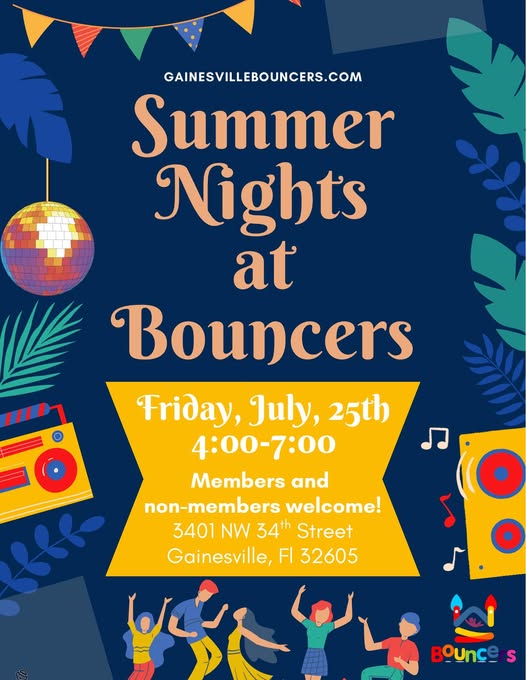 Home | gainesvillebouncers Birthday Parties Memberships Groups Summer Camp Sponsors Charity Work Contact Us More Indoor PLAYGROUND Bouncers Regular Hours Info Tuesday 9amnoon Wednesday 4pm7pm Friday 9amnoon Saturday 10am6pm Sunday 12pm6pm Day Passes are 16 per child online saves2 or Check out ourunlimited monthly membership. It39s the best value in Gainesville and is easy to pause or cancel. Socks and waivers required Best suited for ages 010 years Need to cancel your membership. Click Here Click to See Bouncers Click to buy TicketsIn advance Saves 2 The most incredible CAMP in town lots of FUN and always SAFE.
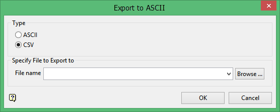 Select a file type for the export. Select ASCII to export the design objects into a formatted ASCII file. Select CSV to export the design objects into a character separated CSV file.
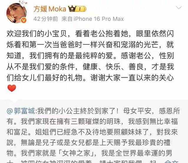 方媛也在社交平台分享了自己的心情。她转发了郭富城的动态,配文满是对老公的感激和爱意。夫妻俩同框的画面,甜得像偶像剧。方媛还说,三个女儿是她和郭富城最大的财富,未来只想一家人平平安安,幸福快乐。这话一出,网友直呼:“这对太会了,甜到齁!”

**What needs to be done:** Only the pictures are to be left out; print everything else in the listing exactly.

**Reply to the task:**
 Home | gainesvillebouncers Birthday Parties Memberships Groups Summer Camp Sponsors Charity Work Contact Us More Indoor PLAYGROUND Bouncers Regular Hours Info Tuesday 9amnoon Wednesday 4pm7pm Friday 9amnoon Saturday 10am6pm Sunday 12pm6pm Day Passes are 16 per child online saves2 or Check out ourunlimited monthly membership. It39s the best value in Gainesville and is easy to pause or cancel. Socks and waivers required Best suited for ages 010 years Need to cancel your membership. Click Here Click to See Bouncers Click to buy TicketsIn advance Saves 2 The most incredible CAMP in town lots of FUN and always SAFE.
 Select a file type for the export. Select ASCII to export the design objects into a formatted ASCII file. Select CSV to export the design objects into a character separated CSV file.
 方媛也在社交平台分享了自己的心情。她转发了郭富城的动态,配文满是对老公的感激和爱意。夫妻俩同框的画面,甜得像偶像剧。方媛还说,三个女儿是她和郭富城最大的财富,未来只想一家人平平安安,幸福快乐。这话一出,网友直呼:“这对太会了,甜到齁!”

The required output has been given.